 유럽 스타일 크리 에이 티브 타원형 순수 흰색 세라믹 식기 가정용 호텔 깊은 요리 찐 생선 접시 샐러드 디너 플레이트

...

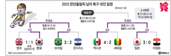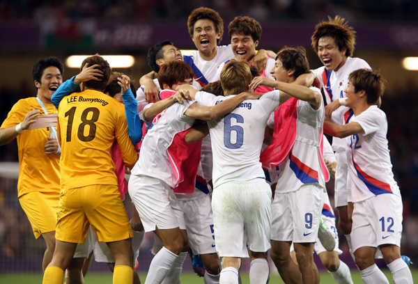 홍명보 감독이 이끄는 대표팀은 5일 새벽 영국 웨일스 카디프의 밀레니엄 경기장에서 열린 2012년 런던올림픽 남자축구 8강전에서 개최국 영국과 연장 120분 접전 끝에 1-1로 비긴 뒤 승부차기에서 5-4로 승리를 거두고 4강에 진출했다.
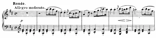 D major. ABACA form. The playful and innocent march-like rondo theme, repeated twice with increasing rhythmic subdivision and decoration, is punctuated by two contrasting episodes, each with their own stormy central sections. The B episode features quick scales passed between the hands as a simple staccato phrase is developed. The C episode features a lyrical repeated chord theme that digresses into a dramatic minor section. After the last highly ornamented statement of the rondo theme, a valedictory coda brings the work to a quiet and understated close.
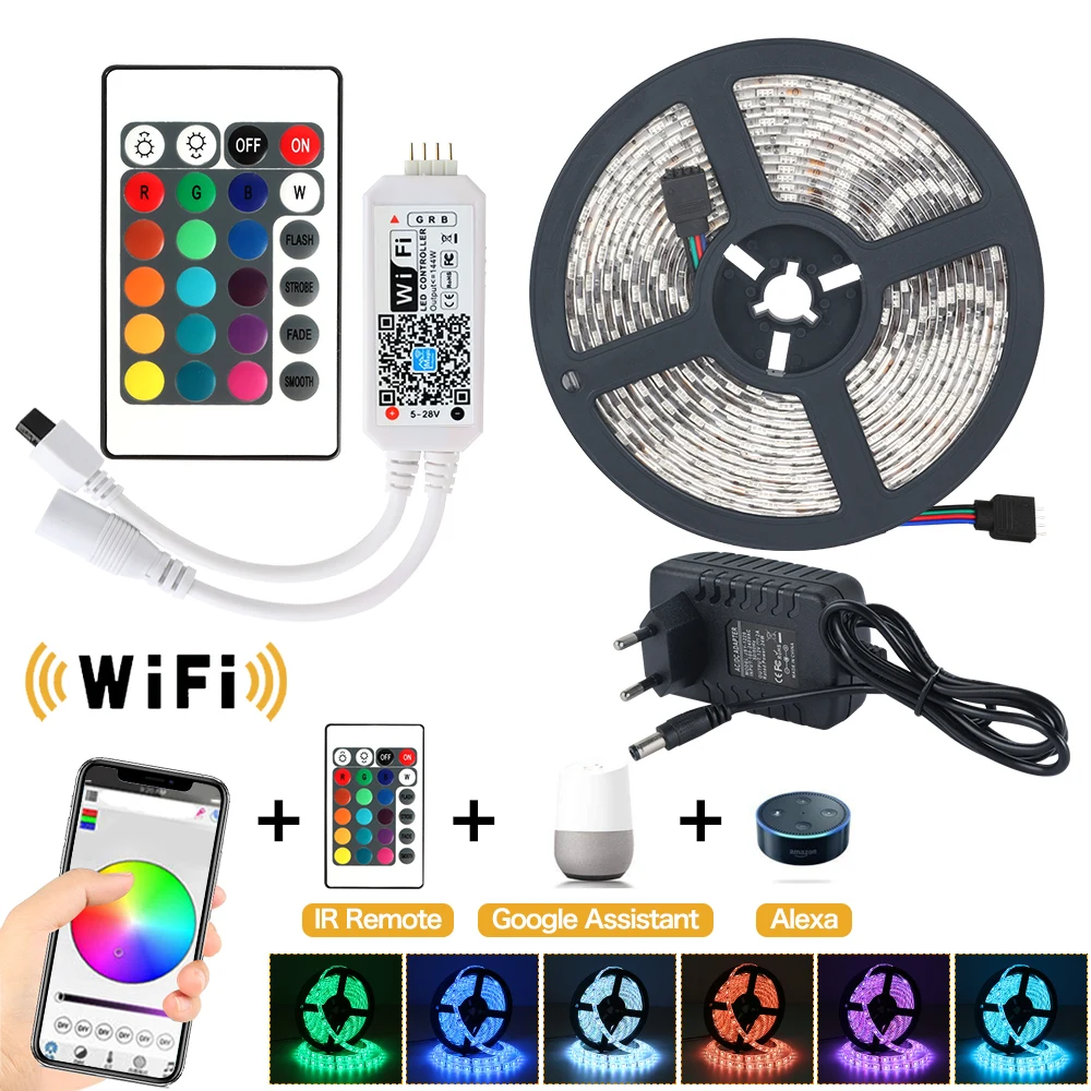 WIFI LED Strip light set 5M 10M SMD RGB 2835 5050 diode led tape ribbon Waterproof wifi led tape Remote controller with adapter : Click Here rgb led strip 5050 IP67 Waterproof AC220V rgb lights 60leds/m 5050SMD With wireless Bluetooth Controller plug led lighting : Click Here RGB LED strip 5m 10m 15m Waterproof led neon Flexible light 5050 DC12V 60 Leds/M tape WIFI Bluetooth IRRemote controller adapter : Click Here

---

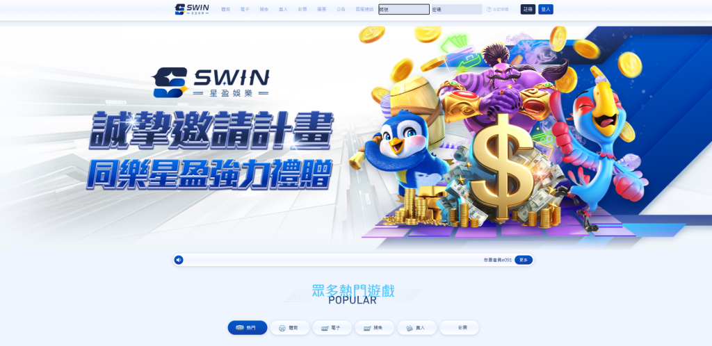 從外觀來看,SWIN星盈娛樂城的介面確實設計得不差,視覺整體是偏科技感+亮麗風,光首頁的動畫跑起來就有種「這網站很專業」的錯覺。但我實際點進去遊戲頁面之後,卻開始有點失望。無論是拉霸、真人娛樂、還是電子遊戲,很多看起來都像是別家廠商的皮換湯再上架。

◆ Work task:
The lines to reproduce run from the one above containing "홍명보 감독이 이끄는" through the one containing "WIFI LED Strip". Copy them exactly and leave out all pictures.

◆ Answer to this problem:
 홍명보 감독이 이끄는 대표팀은 5일 새벽 영국 웨일스 카디프의 밀레니엄 경기장에서 열린 2012년 런던올림픽 남자축구 8강전에서 개최국 영국과 연장 120분 접전 끝에 1-1로 비긴 뒤 승부차기에서 5-4로 승리를 거두고 4강에 진출했다.
 D major. ABACA form. The playful and innocent march-like rondo theme, repeated twice with increasing rhythmic subdivision and decoration, is punctuated by two contrasting episodes, each with their own stormy central sections. The B episode features quick scales passed between the hands as a simple staccato phrase is developed. The C episode features a lyrical repeated chord theme that digresses into a dramatic minor section. After the last highly ornamented statement of the rondo theme, a valedictory coda brings the work to a quiet and understated close.
 WIFI LED Strip light set 5M 10M SMD RGB 2835 5050 diode led tape ribbon Waterproof wifi led tape Remote controller with adapter : Click Here rgb led strip 5050 IP67 Waterproof AC220V rgb lights 60leds/m 5050SMD With wireless Bluetooth Controller plug led lighting : Click Here RGB LED strip 5m 10m 15m Waterproof led neon Flexible light 5050 DC12V 60 Leds/M tape WIFI Bluetooth IRRemote controller adapter : Click Here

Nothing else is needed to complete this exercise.